Exercise inputs Start Marker
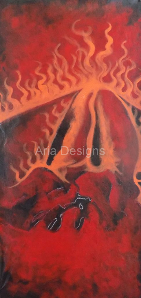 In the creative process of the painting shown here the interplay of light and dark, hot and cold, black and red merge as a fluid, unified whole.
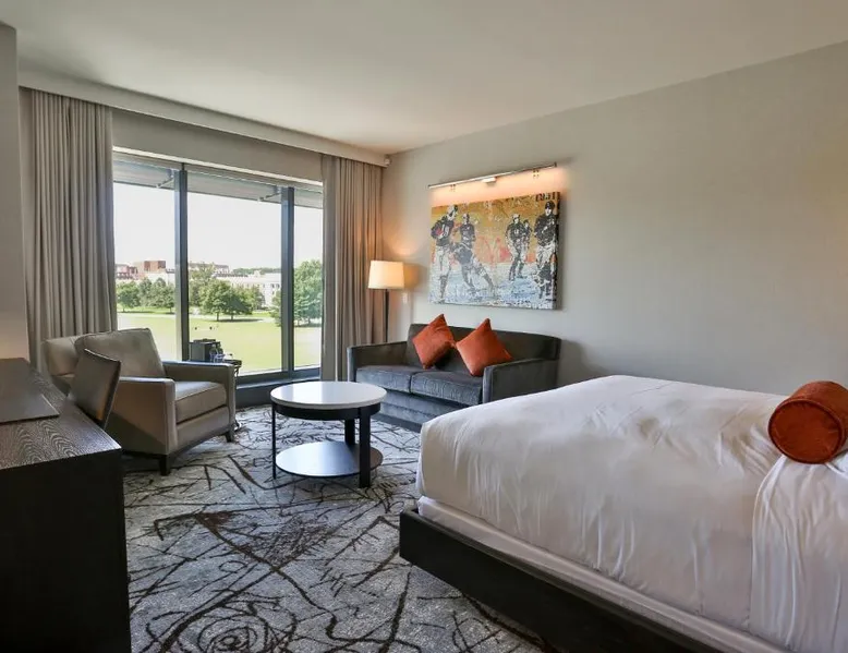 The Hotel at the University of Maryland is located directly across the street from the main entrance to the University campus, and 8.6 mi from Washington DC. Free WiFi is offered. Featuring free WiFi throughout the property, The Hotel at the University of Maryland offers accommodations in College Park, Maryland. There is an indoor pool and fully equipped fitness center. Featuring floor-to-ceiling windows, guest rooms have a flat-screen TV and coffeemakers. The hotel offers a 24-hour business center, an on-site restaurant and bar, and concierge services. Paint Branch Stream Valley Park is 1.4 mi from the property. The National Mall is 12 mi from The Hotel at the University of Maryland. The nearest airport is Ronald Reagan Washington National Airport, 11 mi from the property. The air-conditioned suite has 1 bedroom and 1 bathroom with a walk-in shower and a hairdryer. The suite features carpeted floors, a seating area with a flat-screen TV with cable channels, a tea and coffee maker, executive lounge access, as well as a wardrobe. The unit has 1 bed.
Exercise inputs End Marker
Exercise inputs Start Marker
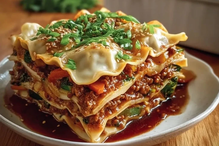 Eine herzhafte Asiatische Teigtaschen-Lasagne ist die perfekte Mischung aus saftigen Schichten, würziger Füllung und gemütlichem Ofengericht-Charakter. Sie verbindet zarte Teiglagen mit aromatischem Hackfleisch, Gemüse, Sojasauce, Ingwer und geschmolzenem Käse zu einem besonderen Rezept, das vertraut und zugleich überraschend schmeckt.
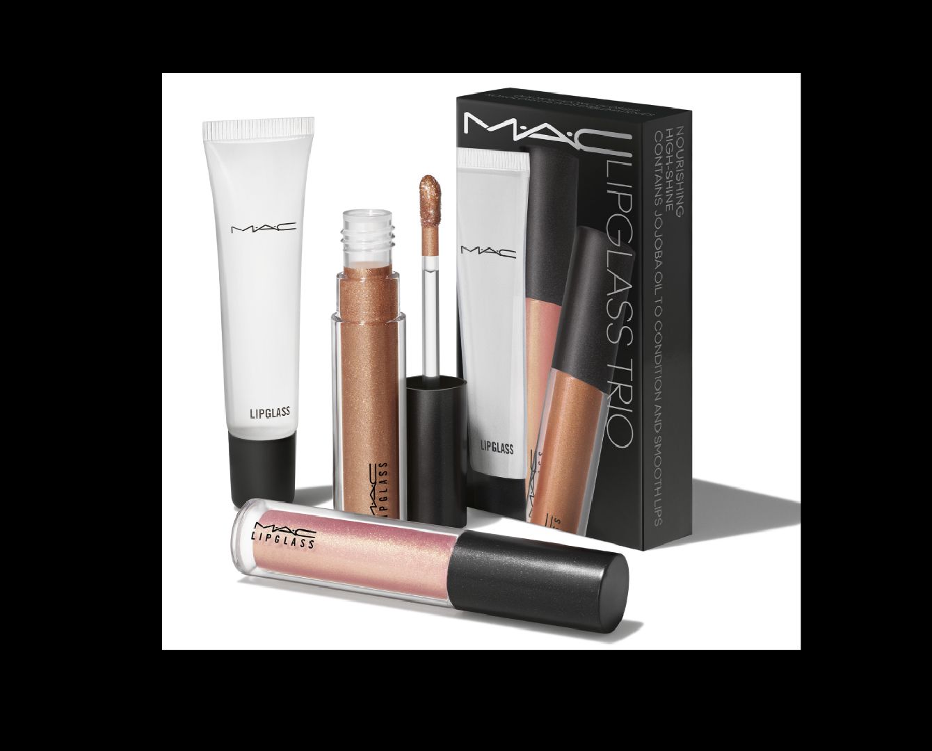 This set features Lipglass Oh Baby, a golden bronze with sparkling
Exercise inputs End Marker
Exercise inputs Start Marker
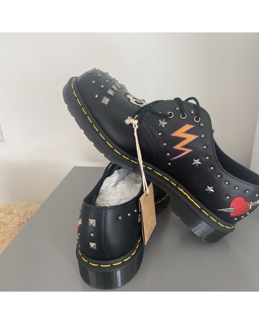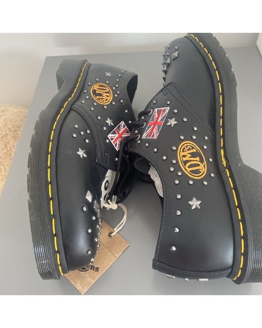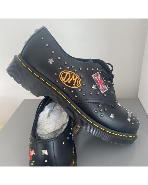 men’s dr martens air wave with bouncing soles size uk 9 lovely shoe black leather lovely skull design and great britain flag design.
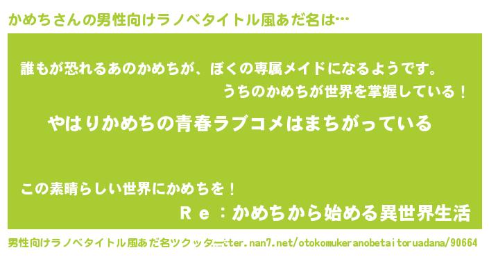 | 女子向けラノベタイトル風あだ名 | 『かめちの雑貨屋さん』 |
Exercise inputs End Marker
### [Instructions to follow]
The answer must be the part of the records that opens with the line containing "Eine herzhafte Asiatische" and closes with the line containing "This set features", reproduced exactly, with no pictures.

### [Output]
 Eine herzhafte Asiatische Teigtaschen-Lasagne ist die perfekte Mischung aus saftigen Schichten, würziger Füllung und gemütlichem Ofengericht-Charakter. Sie verbindet zarte Teiglagen mit aromatischem Hackfleisch, Gemüse, Sojasauce, Ingwer und geschmolzenem Käse zu einem besonderen Rezept, das vertraut und zugleich überraschend schmeckt.
 This set features Lipglass Oh Baby, a golden bronze with sparkling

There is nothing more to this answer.